While Jews cannot condone chattel slavery, we have good reason to remember our country’s founders with gratitude and admiration. The primary reason that Jews and Judaism have thrived in America is that the equality of all regardless of religion has been built into our national DNA. Article VI, Section 3, of the Constitution provides that “no religious Test shall ever be required as a Qualification to any Office or public Trust under the United States.” The First Amendment (incorporated in the Bill of Rights), prohibits any law “respecting an establishment of religion or prohibiting the free exercise thereof”. These provisions were confirmed by President Washington in his letter to the Hebrew Congregation of Newport, R.I.:
For happily the Government of the United States gives to bigotry no sanction, to persecution no assistance, requires only that they who live under its protection should demean themselves as good citizens, in giving it on all occasions their effectual support.
Perhaps more than any other community, Jews have learned from experience what it means to live as (barely tolerated) strangers. We know the difference between living under oppression and living as citizens in a free society. We owe America a debt of gratitude.

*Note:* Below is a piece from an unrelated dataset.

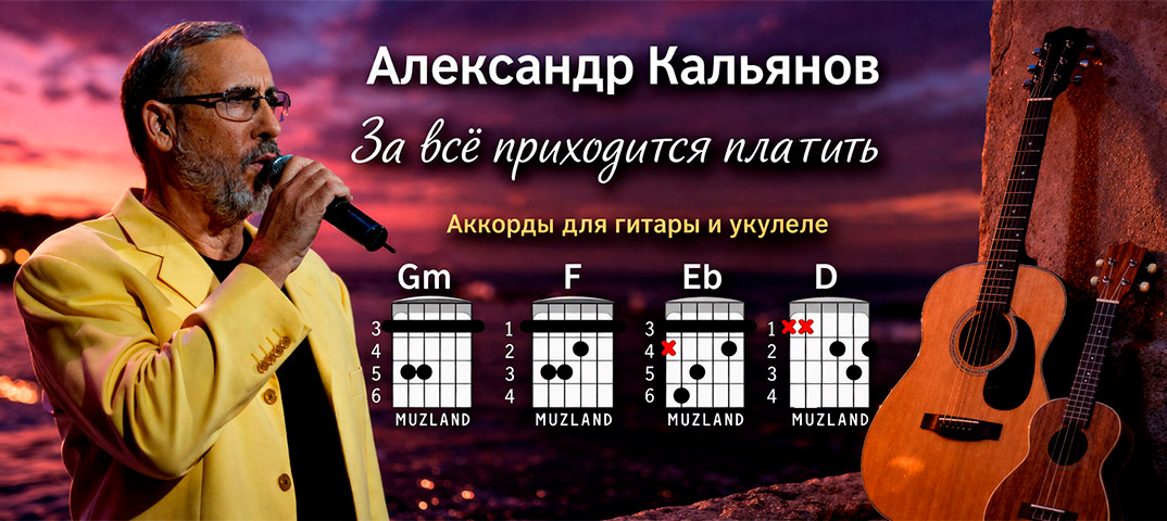 Intro: Gm | F | Eb | Dsus4 D Eb/G | F6add9 | Eb | D7 Gm Gm/Bb Am75- За то, что хочешь есть и пить, D7 Cm7 Иметь свой хлеб и чашку чая, Cm7/Bb Ab Чем Бог послал друзей встречая, D9- D7 За всё приходится платить. Gm Gm/Bb Am75- За то, что хочешь пошутить, D7 Не замирая от испуга, G7 G7/B Cm Косясь с опаскою на друга, A7 D7 Am7/E D7/F# За всё приходится платить. Gm Bb+/F# Gm/F За то, что хочешь быть собой, Eb F Собою быть, а не казаться, Dm Eb Gm/D Не унижать, не унижаться – Cm Cm7/Bb Am75- Платить приходится судьбой. Cm D7 D7/F# Платить приходится… Проигрыш: Gm | F | Eb | Dsus4 D Eb/G | F6add9 | Eb | D7 Gm Gm/Bb Am75- За то, что хочешь полюбить D7 Без вычислений и расчёта, Cm7 Cm7/Bb Не став героем анекдота, Ab D9- D7 За всё приходится платить. Gm Gm/Bb За то, что хочешь просто жить Am75- D9- Без разносолов и амбиций, G7 G7/B Cm Не выделяться, не стремиться, A7 D7 Am7/E D7/F# За всё приходится платить. Gm Bb+/F# Gm/F За то, что хочешь быть собой, Eb F Собою быть, а не казаться, Dm Eb Gm/D Не унижать, не унижаться – Cm Cm7/Bb Am75- Платить приходится судьбой. Cm D7 D7/F# Gm Платить приходится судьбой. Проигрыш: Gm Gm Gm/A Gm/Bb | Fm | Fm/Ab | Gm7 | C7 Bbm7 | Bbm7/Ab Eb/G Eb9/G | Ab Ab/Bb Ab/C Db | Db/C Am75- | D7 Am7/E D7/F# Gm Bb+/F# Gm/F За то, что хочешь быть собой, Eb F Собою быть, а не казаться, Dm Eb Gm/D Не унижать, не унижаться – Cm Cm7/Bb Am75- Платить приходится судьбой. Cm D7 Платить приходится D7/F# Gm Судьбой. Кода: Gm | Gm/Bb | Am75- | D7 Gm Gmadd9 | Gm

How then should we react to those Americans whose historical — and indeed contemporary– experience has been less positive? We must acknowledge the reality of their grievances and join with them to make America conform to its own founding principles. We must strive to make America better while realizing that no country or other human institution can be perfect. What we cannot do is to succumb to the temptation of ingratitude. We must acknowledge the historical experiences of others — but not at the price of forgetting our own.